### DATASET RECORDS
%%
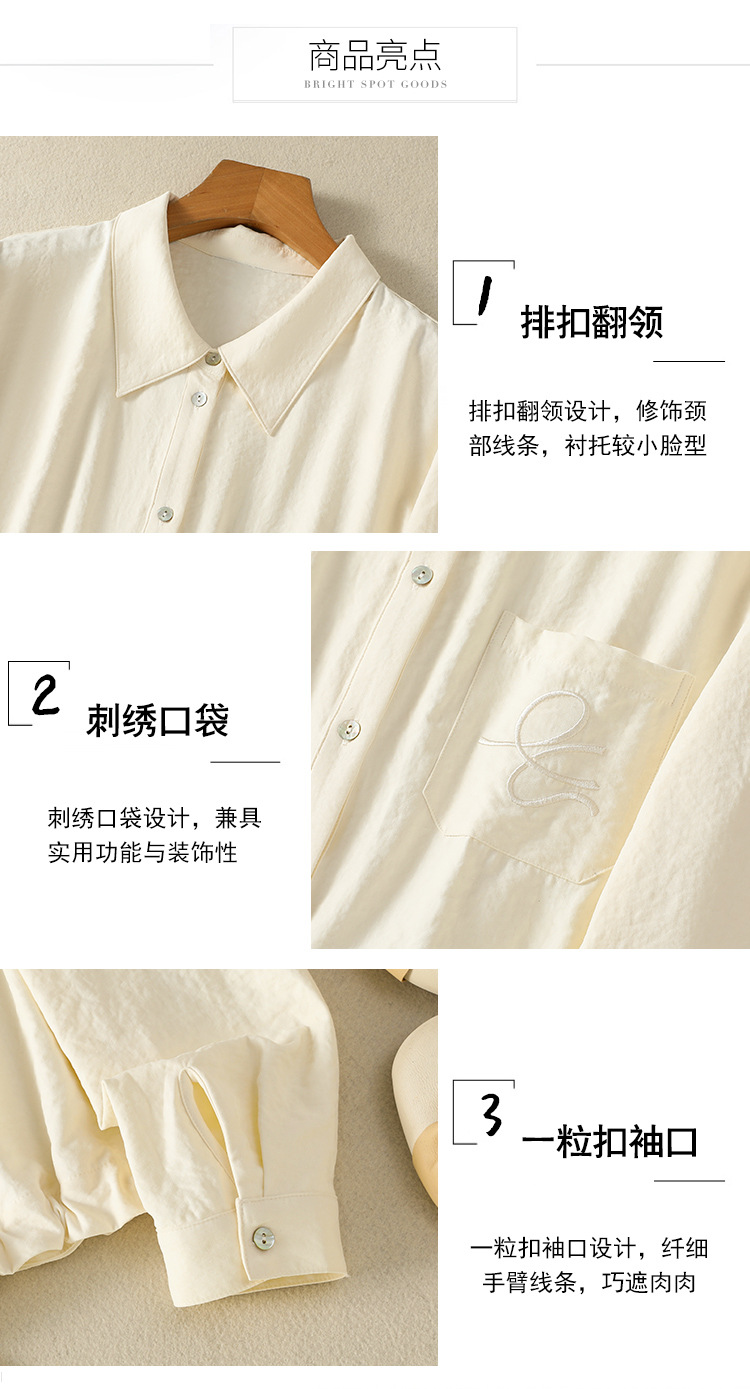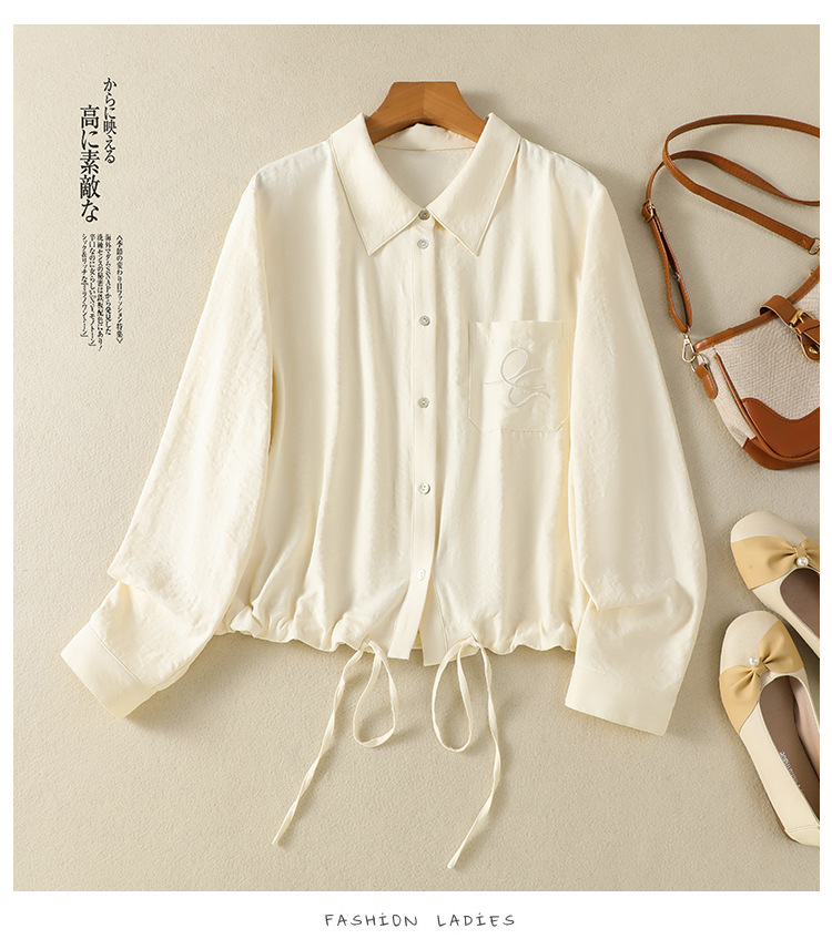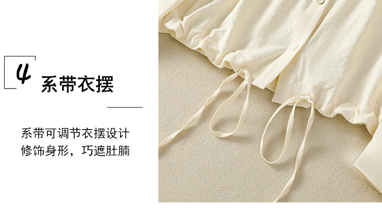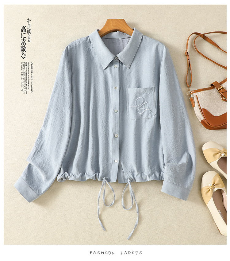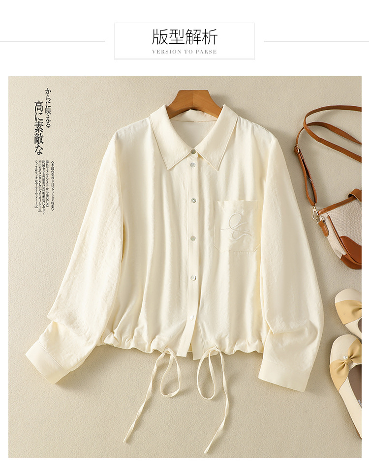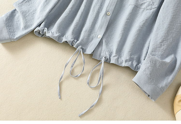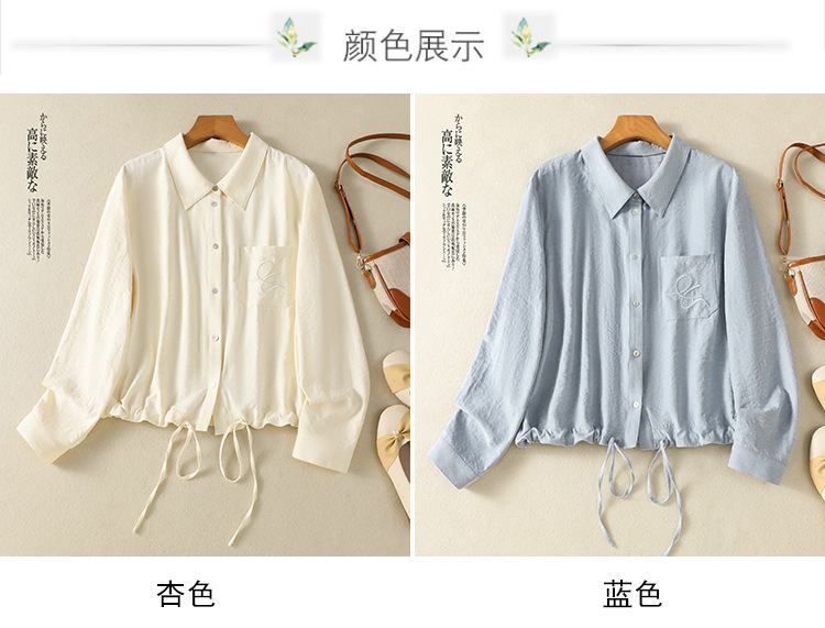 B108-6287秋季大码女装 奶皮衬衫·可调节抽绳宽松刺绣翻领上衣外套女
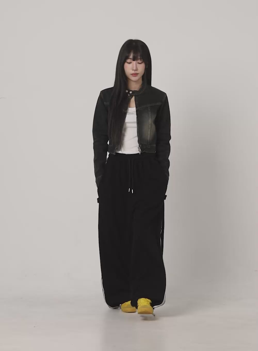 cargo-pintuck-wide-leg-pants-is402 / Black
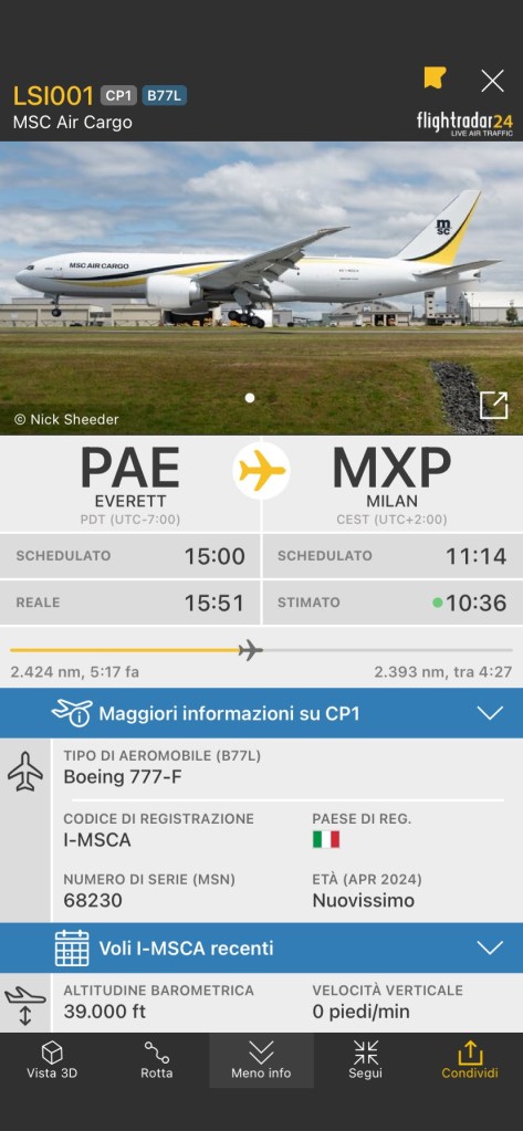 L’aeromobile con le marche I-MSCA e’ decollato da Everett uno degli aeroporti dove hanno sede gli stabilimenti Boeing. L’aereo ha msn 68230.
%%
%%
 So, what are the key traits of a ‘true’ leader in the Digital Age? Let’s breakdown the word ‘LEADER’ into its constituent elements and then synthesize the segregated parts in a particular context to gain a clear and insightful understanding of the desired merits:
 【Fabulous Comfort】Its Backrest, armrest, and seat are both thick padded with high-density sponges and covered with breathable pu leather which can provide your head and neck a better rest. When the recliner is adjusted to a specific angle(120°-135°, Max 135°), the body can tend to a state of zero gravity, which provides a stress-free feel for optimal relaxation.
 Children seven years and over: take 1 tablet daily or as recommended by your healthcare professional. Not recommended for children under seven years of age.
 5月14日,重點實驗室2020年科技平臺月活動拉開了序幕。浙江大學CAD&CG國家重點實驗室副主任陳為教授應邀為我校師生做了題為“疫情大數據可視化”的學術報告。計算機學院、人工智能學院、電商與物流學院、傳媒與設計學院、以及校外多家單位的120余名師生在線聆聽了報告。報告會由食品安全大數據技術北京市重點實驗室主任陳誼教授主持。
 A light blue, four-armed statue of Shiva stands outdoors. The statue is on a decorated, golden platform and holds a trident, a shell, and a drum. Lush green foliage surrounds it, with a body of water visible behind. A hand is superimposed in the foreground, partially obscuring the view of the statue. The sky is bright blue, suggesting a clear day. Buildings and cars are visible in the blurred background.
%%
### DESCRIPTION OF THE TASK
Above are some records. Reproduce the lines from the one with "cargo-pintuck-wide-leg-pants-is402 / Black" down to the one with "L’aeromobile con le", keeping both, and leave every picture out.

### ANSWER FOR THE TASK
 cargo-pintuck-wide-leg-pants-is402 / Black
 L’aeromobile con le marche I-MSCA e’ decollato da Everett uno degli aeroporti dove hanno sede gli stabilimenti Boeing. L’aereo ha msn 68230.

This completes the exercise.